# GOAL OF THE EXERCISE
Any pictures in the records below must be left out when you repeat the lines from the line containing "La concejal de" through the line containing "Fastskruvad hjulaxel. Helgummihjulen" exactly.

# DATASET RECORDS
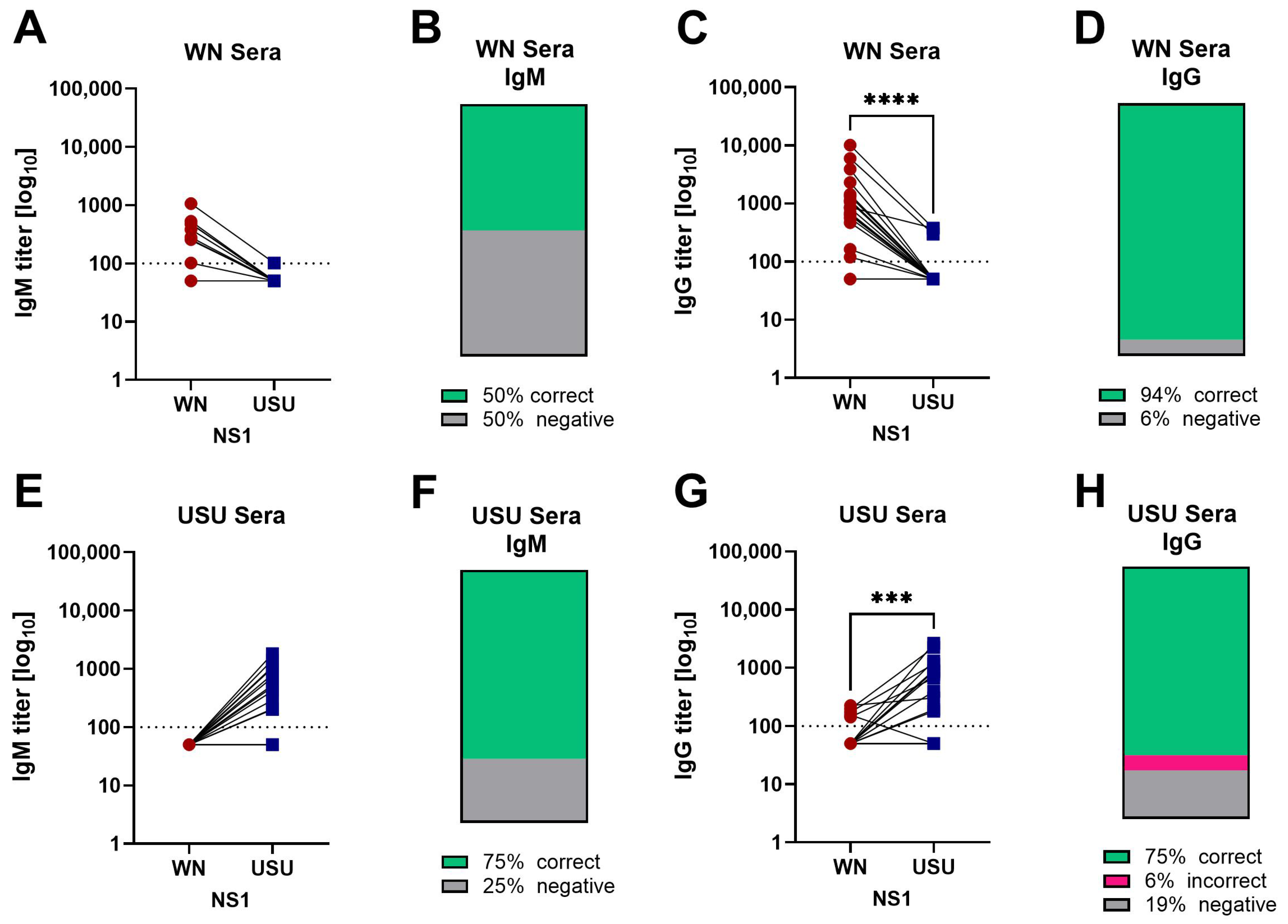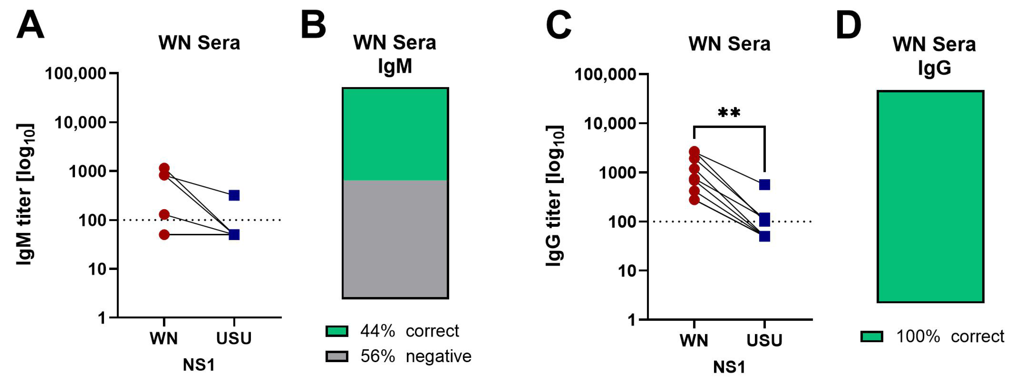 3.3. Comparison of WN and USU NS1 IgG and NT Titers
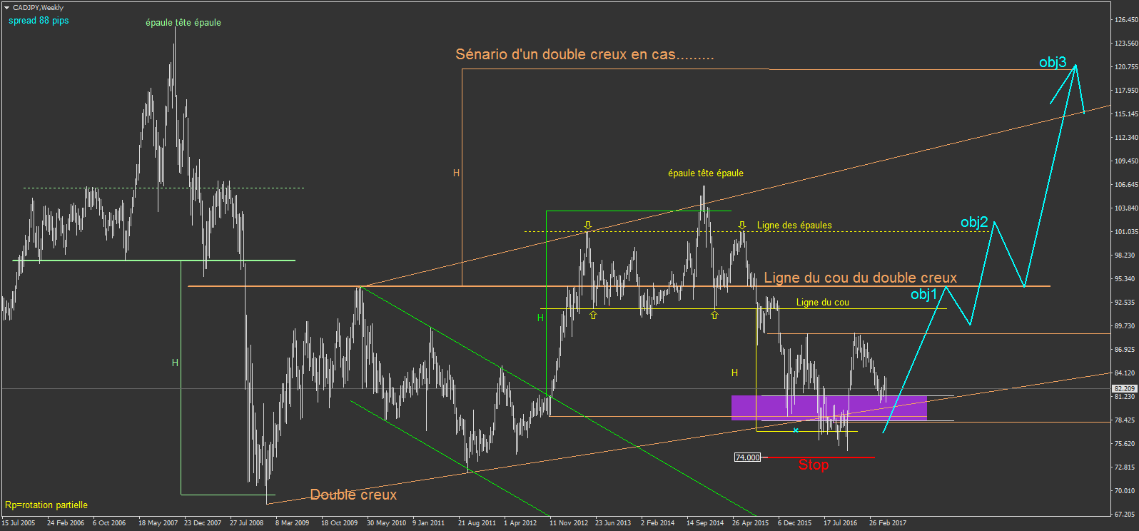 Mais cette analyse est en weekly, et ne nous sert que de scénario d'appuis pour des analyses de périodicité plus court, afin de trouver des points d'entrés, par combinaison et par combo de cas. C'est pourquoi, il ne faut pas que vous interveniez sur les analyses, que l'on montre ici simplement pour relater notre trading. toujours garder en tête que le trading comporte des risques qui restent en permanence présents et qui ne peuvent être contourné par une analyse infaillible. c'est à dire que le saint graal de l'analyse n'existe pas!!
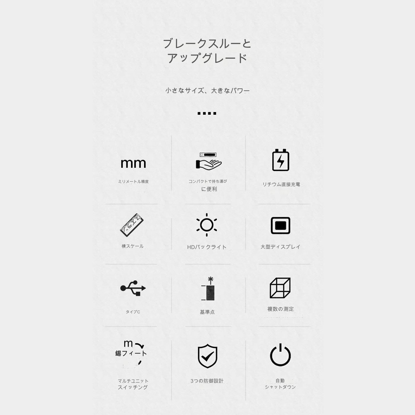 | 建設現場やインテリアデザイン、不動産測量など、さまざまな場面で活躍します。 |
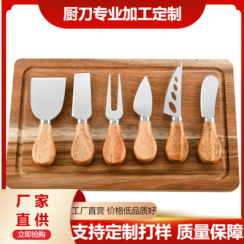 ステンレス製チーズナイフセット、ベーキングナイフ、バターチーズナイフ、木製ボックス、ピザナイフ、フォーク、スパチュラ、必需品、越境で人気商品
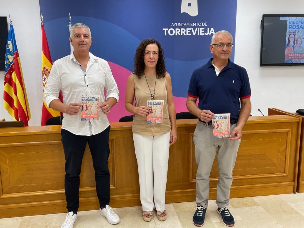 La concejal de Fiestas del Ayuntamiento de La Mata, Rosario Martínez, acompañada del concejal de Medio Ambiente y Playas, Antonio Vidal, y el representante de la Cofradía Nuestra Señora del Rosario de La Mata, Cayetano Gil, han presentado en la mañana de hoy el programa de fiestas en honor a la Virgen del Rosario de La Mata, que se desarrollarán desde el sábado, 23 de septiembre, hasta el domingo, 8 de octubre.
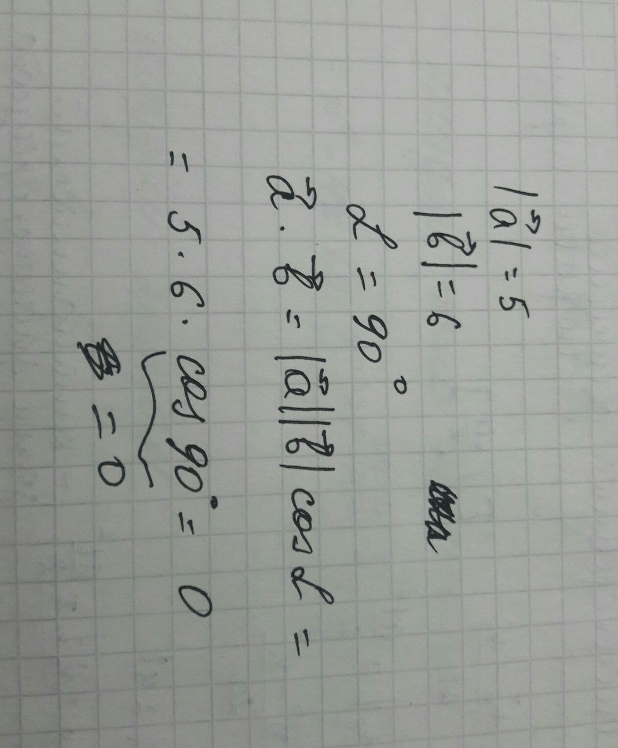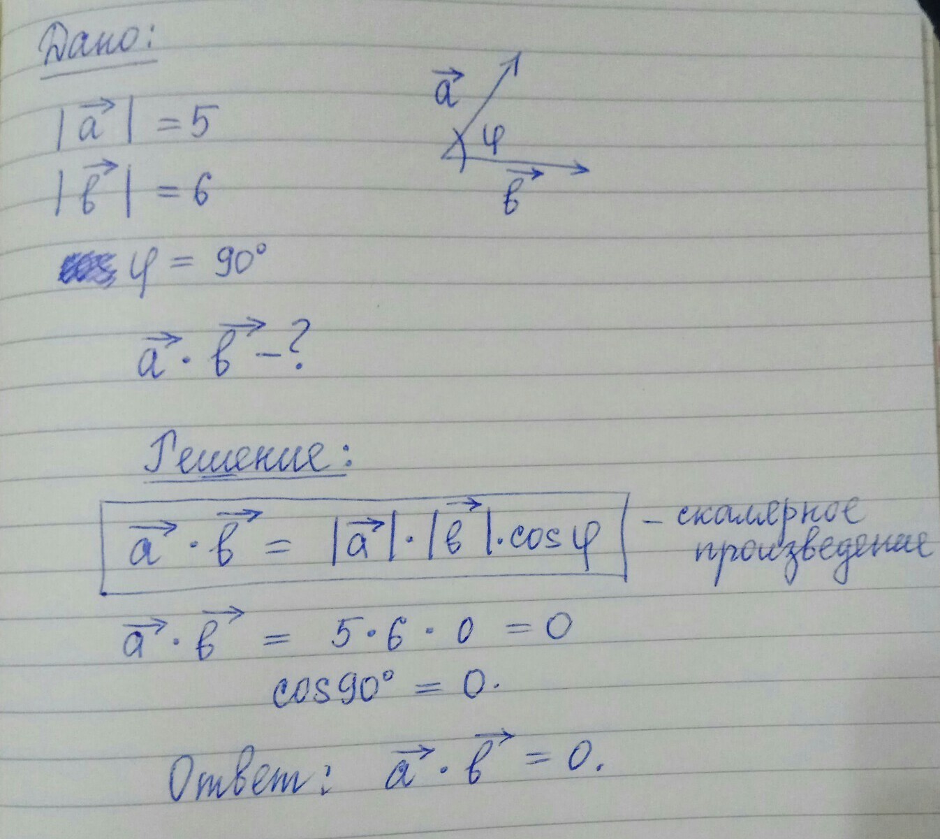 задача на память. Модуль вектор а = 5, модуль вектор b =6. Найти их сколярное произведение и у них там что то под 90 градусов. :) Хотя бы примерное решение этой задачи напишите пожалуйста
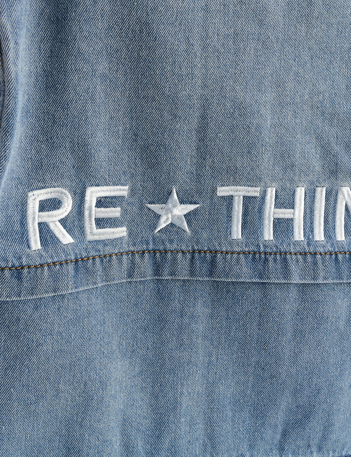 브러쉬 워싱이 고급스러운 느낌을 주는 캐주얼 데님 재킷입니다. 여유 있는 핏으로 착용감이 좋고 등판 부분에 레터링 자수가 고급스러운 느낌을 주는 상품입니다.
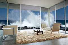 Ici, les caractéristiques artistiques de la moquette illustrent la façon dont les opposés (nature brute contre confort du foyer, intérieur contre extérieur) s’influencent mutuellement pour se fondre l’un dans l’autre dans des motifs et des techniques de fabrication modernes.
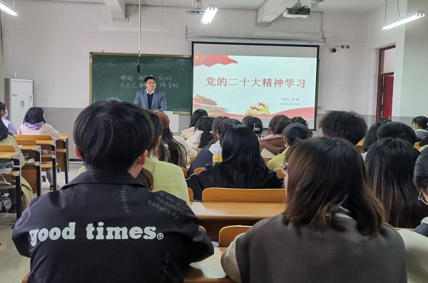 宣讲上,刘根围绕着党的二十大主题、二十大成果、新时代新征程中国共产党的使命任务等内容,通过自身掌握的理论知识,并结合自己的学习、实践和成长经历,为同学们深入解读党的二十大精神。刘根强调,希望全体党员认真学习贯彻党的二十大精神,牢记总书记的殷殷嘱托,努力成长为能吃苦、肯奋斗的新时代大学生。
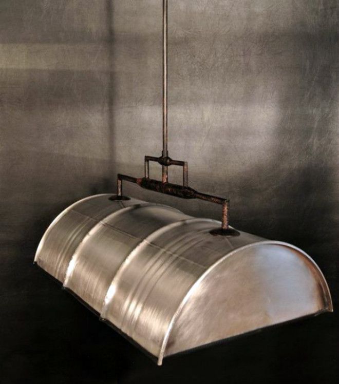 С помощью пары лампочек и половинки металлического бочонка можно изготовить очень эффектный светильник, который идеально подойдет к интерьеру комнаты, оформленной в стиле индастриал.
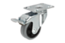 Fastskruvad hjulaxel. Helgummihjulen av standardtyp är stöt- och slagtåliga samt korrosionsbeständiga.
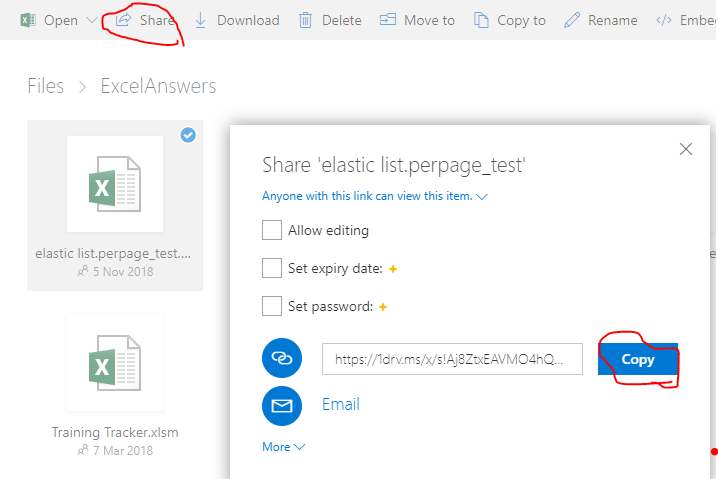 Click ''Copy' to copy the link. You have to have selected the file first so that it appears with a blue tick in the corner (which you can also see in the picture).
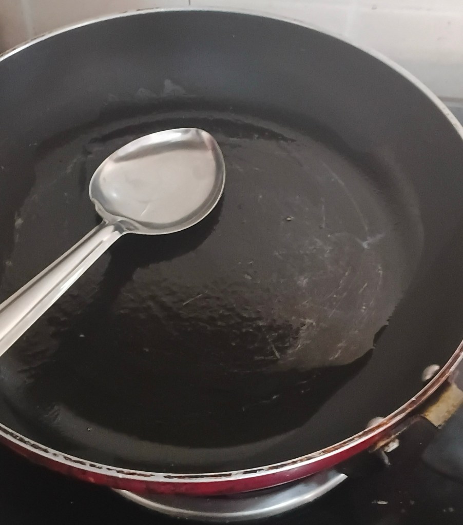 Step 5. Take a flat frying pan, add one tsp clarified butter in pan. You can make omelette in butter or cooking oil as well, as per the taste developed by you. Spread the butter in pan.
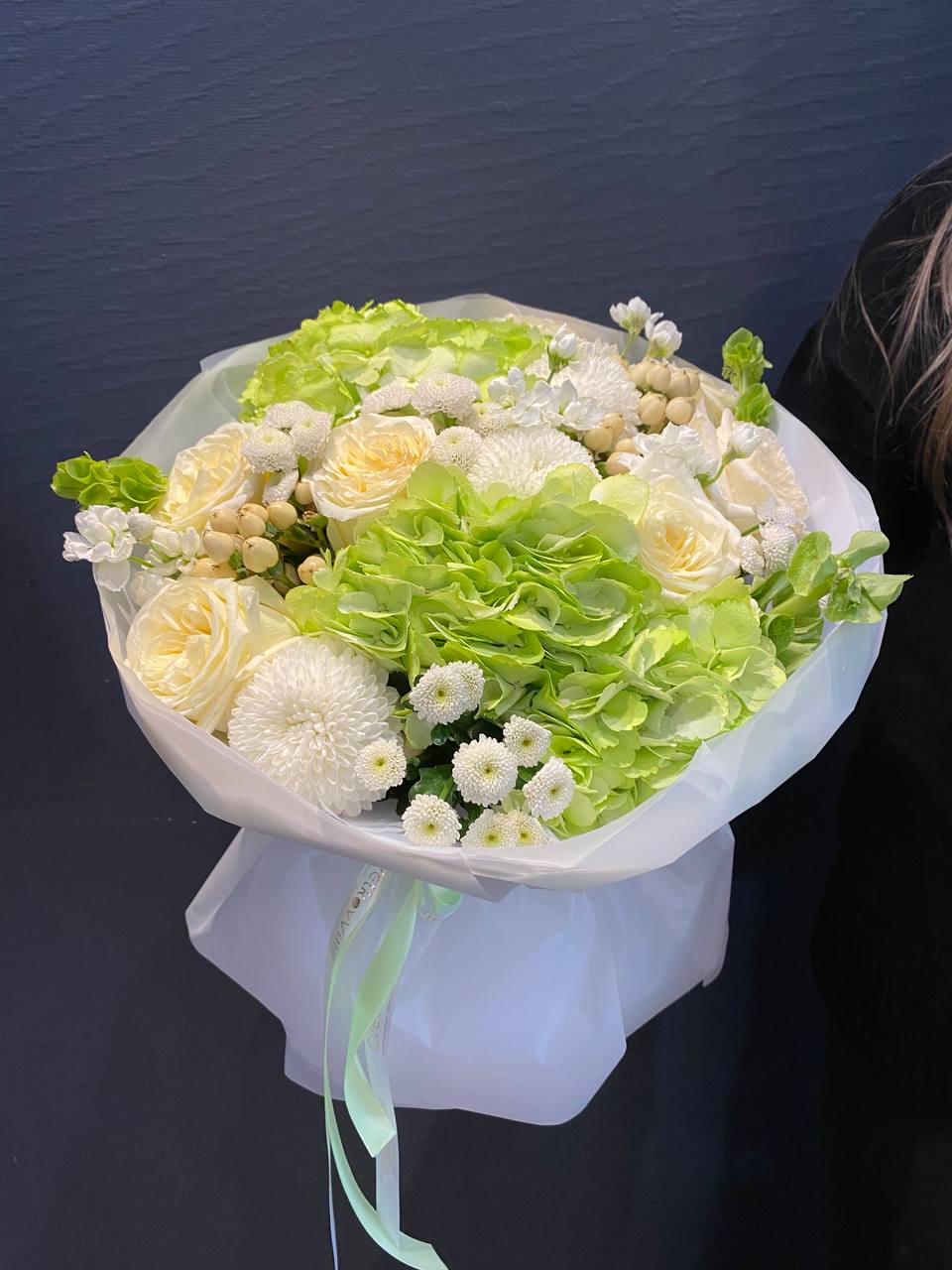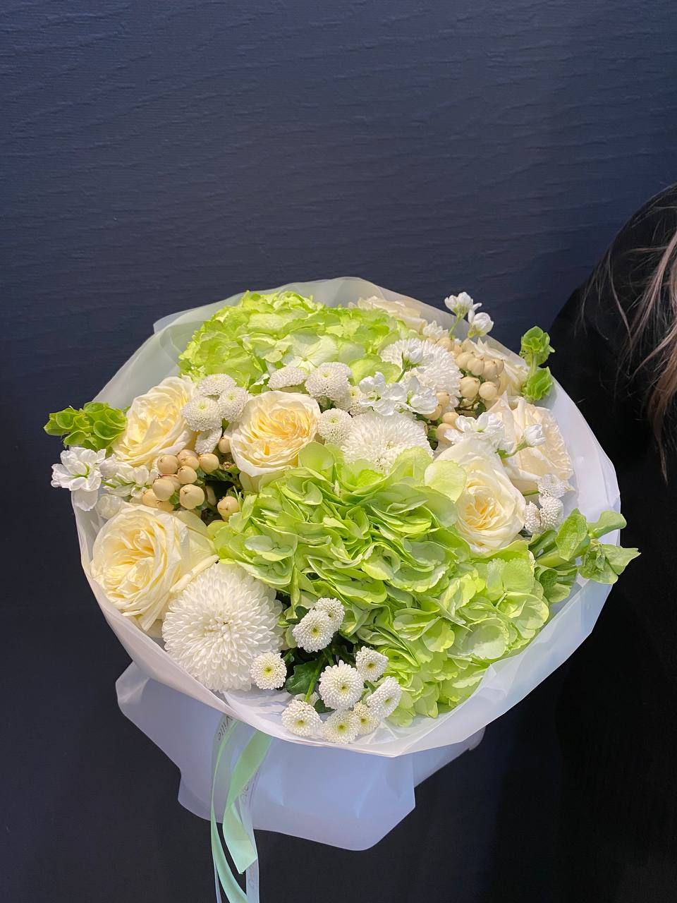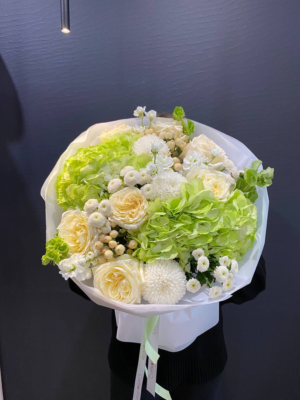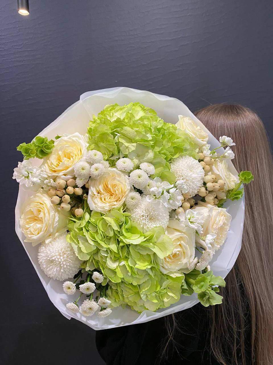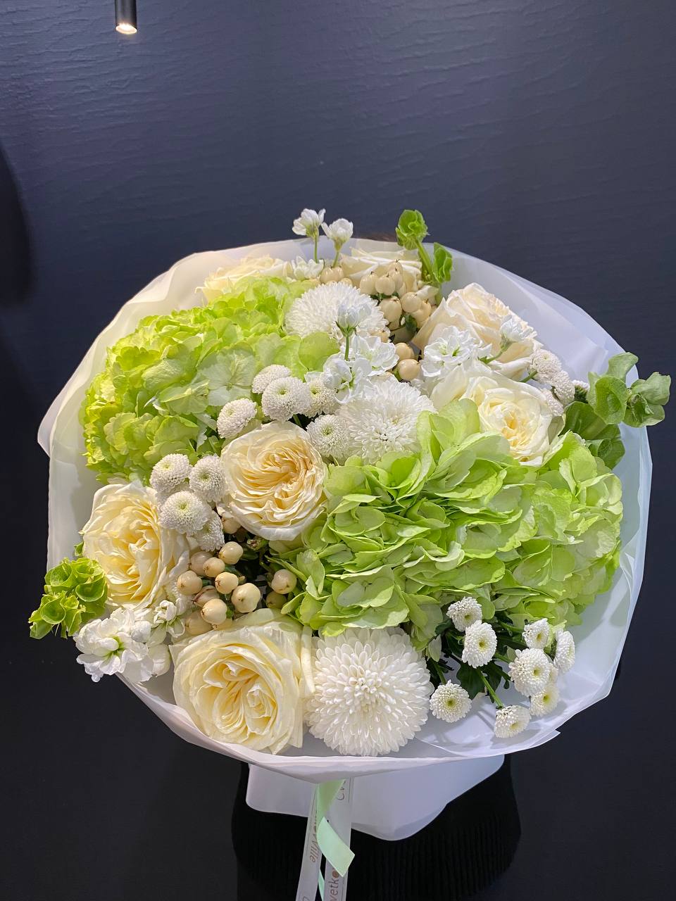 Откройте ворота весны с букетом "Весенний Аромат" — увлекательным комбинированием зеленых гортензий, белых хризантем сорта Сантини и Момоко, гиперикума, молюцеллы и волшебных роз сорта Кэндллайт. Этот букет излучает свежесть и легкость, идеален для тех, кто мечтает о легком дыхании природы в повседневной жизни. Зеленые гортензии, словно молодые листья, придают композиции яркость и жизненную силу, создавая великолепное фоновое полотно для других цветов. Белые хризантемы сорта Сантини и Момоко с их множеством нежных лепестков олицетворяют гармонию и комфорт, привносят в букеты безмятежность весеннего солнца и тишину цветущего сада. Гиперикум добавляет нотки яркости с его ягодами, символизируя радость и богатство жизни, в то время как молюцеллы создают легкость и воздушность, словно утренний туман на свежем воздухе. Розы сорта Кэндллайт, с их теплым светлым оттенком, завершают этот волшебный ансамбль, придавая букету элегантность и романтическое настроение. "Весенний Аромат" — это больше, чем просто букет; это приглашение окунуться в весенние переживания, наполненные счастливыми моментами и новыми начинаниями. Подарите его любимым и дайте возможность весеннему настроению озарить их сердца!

# WRITTEN SOLUTION
 La concejal de Fiestas del Ayuntamiento de La Mata, Rosario Martínez, acompañada del concejal de Medio Ambiente y Playas, Antonio Vidal, y el representante de la Cofradía Nuestra Señora del Rosario de La Mata, Cayetano Gil, han presentado en la mañana de hoy el programa de fiestas en honor a la Virgen del Rosario de La Mata, que se desarrollarán desde el sábado, 23 de septiembre, hasta el domingo, 8 de octubre.
 задача на память. Модуль вектор а = 5, модуль вектор b =6. Найти их сколярное произведение и у них там что то под 90 градусов. :) Хотя бы примерное решение этой задачи напишите пожалуйста
 브러쉬 워싱이 고급스러운 느낌을 주는 캐주얼 데님 재킷입니다. 여유 있는 핏으로 착용감이 좋고 등판 부분에 레터링 자수가 고급스러운 느낌을 주는 상품입니다.
 Ici, les caractéristiques artistiques de la moquette illustrent la façon dont les opposés (nature brute contre confort du foyer, intérieur contre extérieur) s’influencent mutuellement pour se fondre l’un dans l’autre dans des motifs et des techniques de fabrication modernes.
 宣讲上,刘根围绕着党的二十大主题、二十大成果、新时代新征程中国共产党的使命任务等内容,通过自身掌握的理论知识,并结合自己的学习、实践和成长经历,为同学们深入解读党的二十大精神。刘根强调,希望全体党员认真学习贯彻党的二十大精神,牢记总书记的殷殷嘱托,努力成长为能吃苦、肯奋斗的新时代大学生。
 С помощью пары лампочек и половинки металлического бочонка можно изготовить очень эффектный светильник, который идеально подойдет к интерьеру комнаты, оформленной в стиле индастриал.
 Fastskruvad hjulaxel. Helgummihjulen av standardtyp är stöt- och slagtåliga samt korrosionsbeständiga.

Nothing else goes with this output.